[Excerpts from a dataset]
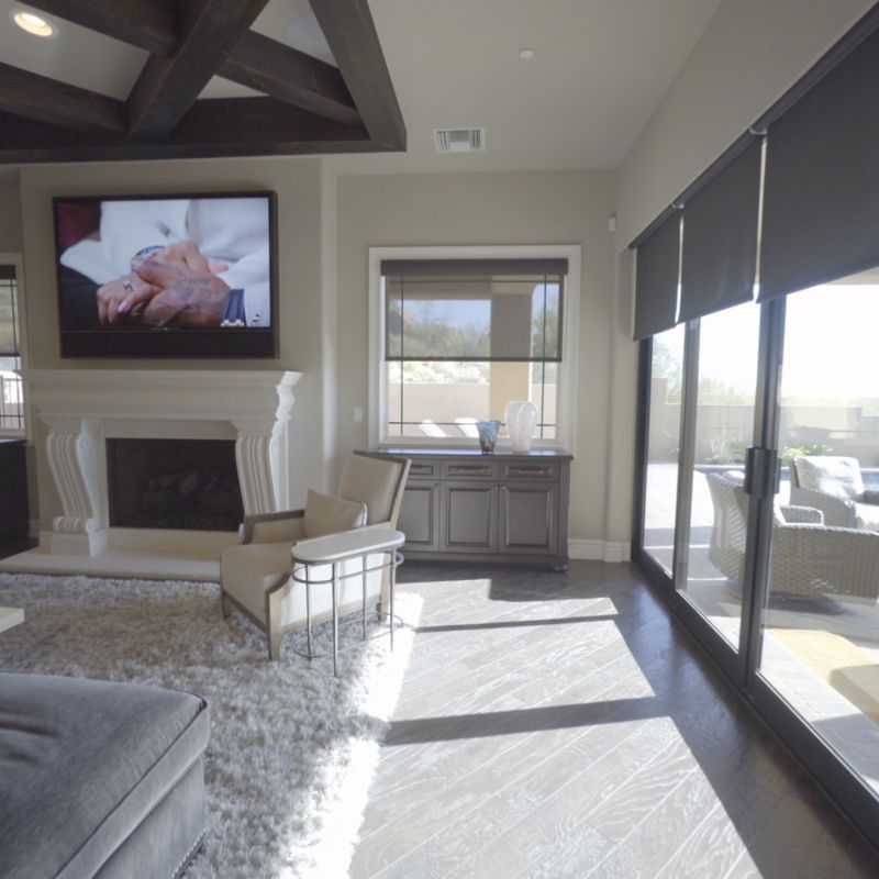 Our durable shading materials can weather any wind and storm. Plus, we integrate exterior motorized shades with smart home systems, letting you control the shades alongside lighting, audio, security, and more.
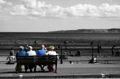 Keywords: friends friend she people woman man couple husbands brothers sisters relaxation beach sea vacation holiday england sitting bench landscape background trip leisure day off memories seasons summer spring
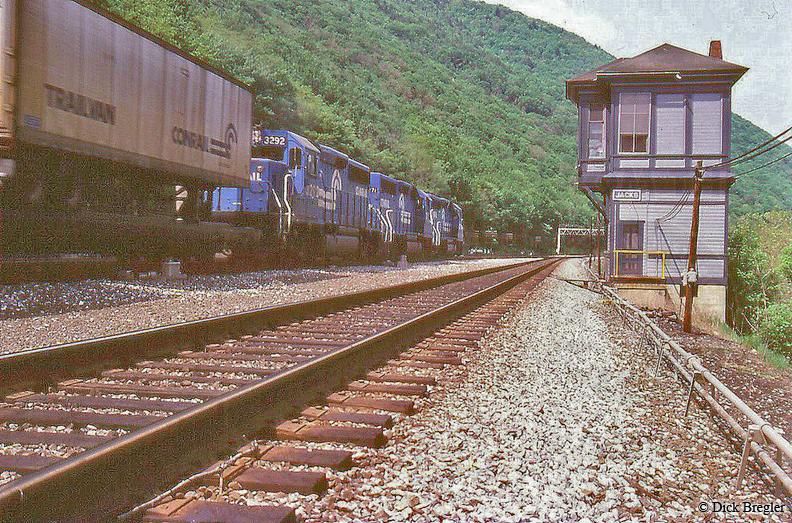 Conrail GP40-2 3292 is seen trailing on a westbound TV train at Jacks Tower in Jacks Narrows, PA in 1983.
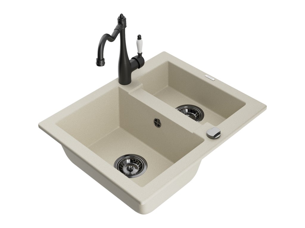 Granitový drez Mexen Carlos s 1,5 miskou a kuchynskou batériou Carla, béžový - 6518-69-670700-70
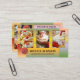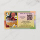 Cartão de visita com imagens de bolos doces e sobremesas enquadradas por um design artístico colorido. Você pode substituir todas as fotos por suas. O modelo de logotipo pode ser substituído por seu próprio (ou excluído se você não precisar dele). O modelo de código QR é fácil de personalizar simplesmente adicionando sua própria URL. Bonita para uma padaria doce ou uma companhia de restauração de sobremesa e personalizável para outras ocasiões.
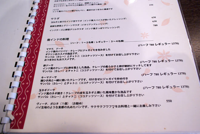 南インド料理が中心なので、楽しみ半分、様子見半分という感じで。
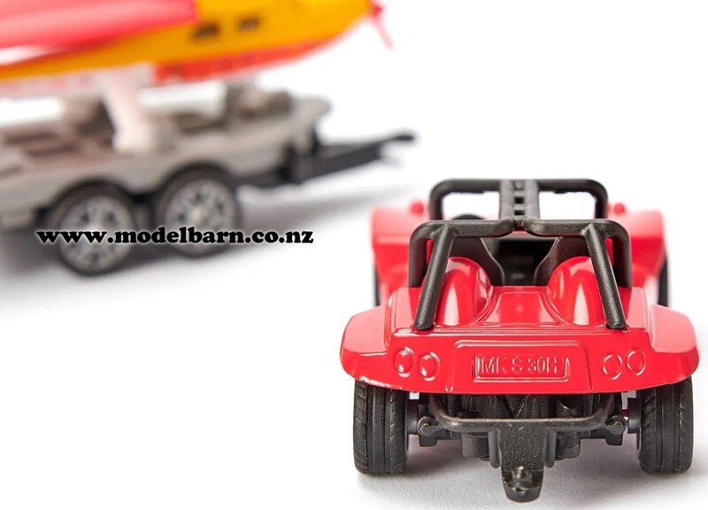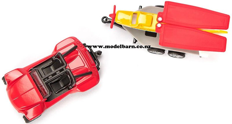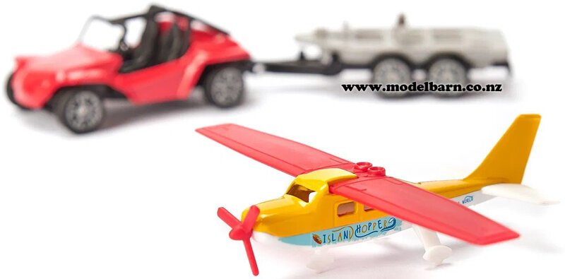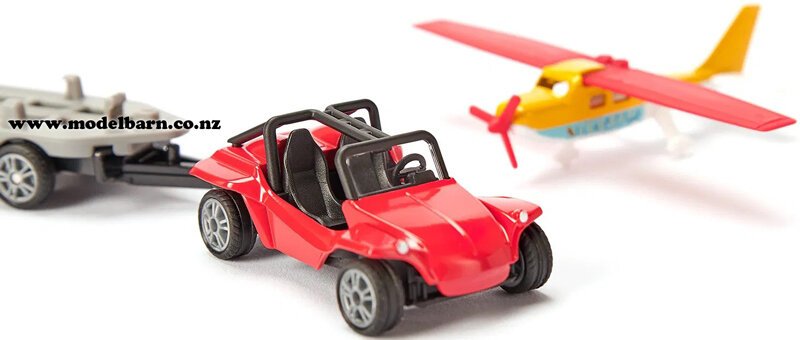 Beach Buggy with Trailer & Sports Airplane Set. Made by Siku. Beach buggy features left-hand drive, tow hook. The airplane can be unloaded from the trailer & the trailer can be detached from the beach buggy. The airplane features folding wings, rotating propeller. This set is 155mm long, 39mm wide & 39mm high.This set is not suitable for children under 5.

- _EXERCISE DESCRIPTION_
In the data above, find the line containing "Conrail GP40-2 3292" and the line containing "Granitový drez Mexen". Copy exactly the stretch from the first through the second, both included, leaving out any picture.

- _RESPONSE AREA_
 Conrail GP40-2 3292 is seen trailing on a westbound TV train at Jacks Tower in Jacks Narrows, PA in 1983.
 Granitový drez Mexen Carlos s 1,5 miskou a kuchynskou batériou Carla, béžový - 6518-69-670700-70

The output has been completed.